President Barack Obama and Treasury Secretary Timothy Geithner have said the U.S. is committed to bringing down the deficits once the economy and financial sector recover. The Obama administration has set a goal of cutting the deficit in half by the end of his first term in office.
In the meantime, the U.S. debt now stands at $11.5 trillion. Interest payments on the debt cost $452 billion last year — the largest federal spending category after Medicare-Medicaid, Social Security and defense.
The overall debt is now slightly more than 80 percent of the annual output of the entire U.S. economy, as measured by the gross domestic product. During World War II, it briefly rose to 120 percent of GDP.
The debt is largely financed by the sale of Treasury bonds and bills.
Many private economists say the administration had no choice but to take aggressive action during the financial crisis.
"We have a deep recession hammering tax revenues and forcing the government to provide a lot of help to the economy," said Mark Zandi, chief economist at Moody's Economy.com. "But without this help, the downturn would be even more severe."
History shows the dangers of assuming too soon that economic downturns have ended.
President Franklin D. Roosevelt made that mistake in 1936. Believing the Depression largely over, he sought to reduce public spending and to balance the federal budget, but that undermined a fragile recovery, pushing the economy back under water in 1937.
Japanese leaders made a similar mistake in the 1990s when they temporarily withdrew government stimulus spending, prolonging Japan's recession into one that lasted a full decade.
Republicans in Congress are seizing on the deficit — and the persistence of the recession — to attack Democrats.
"Washington Democrats keep borrowing and spending money we don't have," said House Republican Leader John Boehner of Ohio.
So far, interest rates have remained low.

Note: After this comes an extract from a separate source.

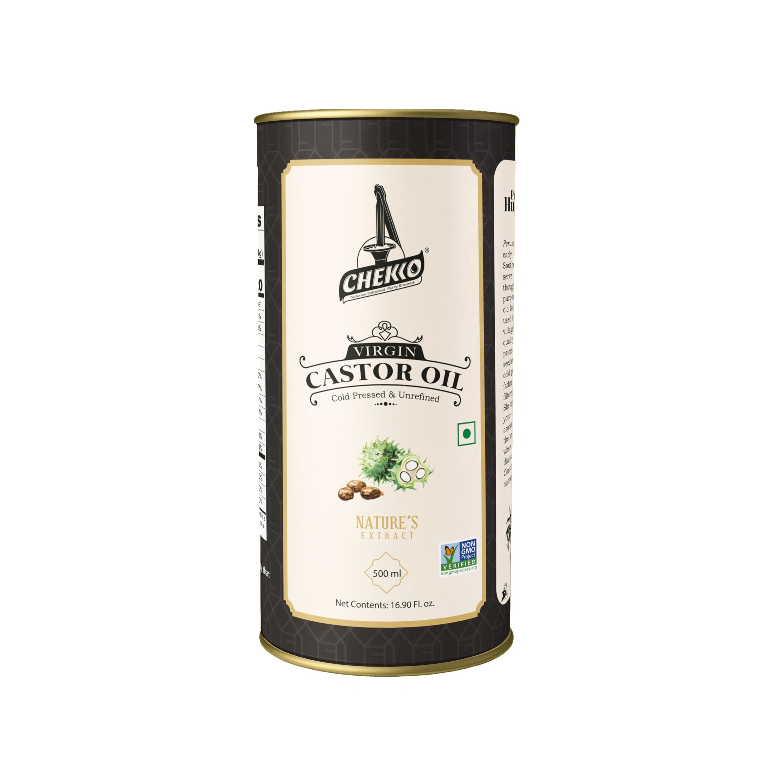 Cleanser - Castor oil can be used as a gentle cleanser to remove dirt, makeup, and impurities without stripping the skin of its natural oils. Natural Skin Moisturizer - Castor oil is a wonderful addition to a skincare routine due to its rich fatty acid content, including ricinoleic acid, which has moisturizing and nourishing properties. When applied to the skin, castor oil deeply penetrates and helps to retain moisture, making it particularly beneficial for dry or dehydrated skin. Its emollient properties also help to soften and smooth the skin's texture, promoting a more supple and youthful appearance. Massage Oil - Castor oil's emollient properties make it an excellent choice for massage, especially for relieving muscle soreness and joint discomfort. When applied to sore areas such as feet, muscles, or joints, castor oil can help soothe inflammation, reduce pain, and promote relaxation. Its moisturizing effect also aids in improving blood circulation to the affected area, which can further alleviate discomfort and support the body's natural healing process. Simply massage a small amount of castor oil onto the sore area and gently rub it in for relief. Castor Oil for Eye Lashes and Eye Brows - When applied to the lashes and eyebrows, caster oils can help strengthen the hair strands, prevent breakage, and encourage fuller and thicker growth over time. Regular application of castor oil to the lashes and eyebrows can contribute to achieving a naturally fuller and more luscious lash line and eyebrow shape. Hair Growth Oil - Castor oil is renowned for its moisturizing properties and its ability to nourish hair follicles, promoting healthier-looking hair growth. Its thick consistency helps in locking in moisture, preventing dryness and breakage. Whether you have curly, straight, or textured hair, high-quality castor oil can be beneficial for all hair types. Regular use of a hair growth oil containing best cold pressed castor oil can contribute to stronger, shinier, and more manageable hair for both women and men. 100 Natural and Pure Castor Oil - Chekko Cold Pressed and Unrefined Hexane Free Castor oil is versatile and can be used in various ways, such as mixing with essential oils for customized blends, incorporating into hair care and skincare routines, and even for aromatherapy massage. The cold pressed extraction process ensures the oil maintains its integrity and purity, making it a safe and effective choice for your beauty and wellness needs. No Artificial Preservatives or chemicals have been used at any point of the 'Extraction, Filtration Packing' process.

This is partly because the Federal Reserve has kept a key short-term rate at a record near zero. Also, all the economic troubles in housing and the rest of the economy have depressed demand for credit by the private sector, meaning the government's borrowing costs are relatively low.
The benchmark 10-year Treasury security has risen by about a percentage point in recent weeks, but analysts note it is still trading at historically low levels of around 3.35 percent.
Geithner travels later this week to Saudi Arabia and the United Arab Emirates, where he is expected to face questions about the U.S. deficit. As he did during a visit to China last month, Geithner will try to reassure investors in the Middle East that their U.S. holdings are safe from a calamitous bout of inflation.
The deficit of $1.09 trillion so far this year compares to an imbalance of $285.85 billion through the same period a year ago. The deficit for the 2008 budget year, which ended Sept. 30, was $454.8 billion, the current record in dollar terms.
Revenues so far this year total $1.59 trillion, down 17.9 percent from a year ago, reflecting higher unemployment, which cuts into payroll taxes and corporate tax receipts.
Under the administration's budget estimates, the $1.84 trillion deficit for this year will be followed by a $1.26 trillion deficit in 2010, and will never dip below $500 billion over the next decade. The administration estimates the deficits will total $7.1 trillion from 2010 to 2019.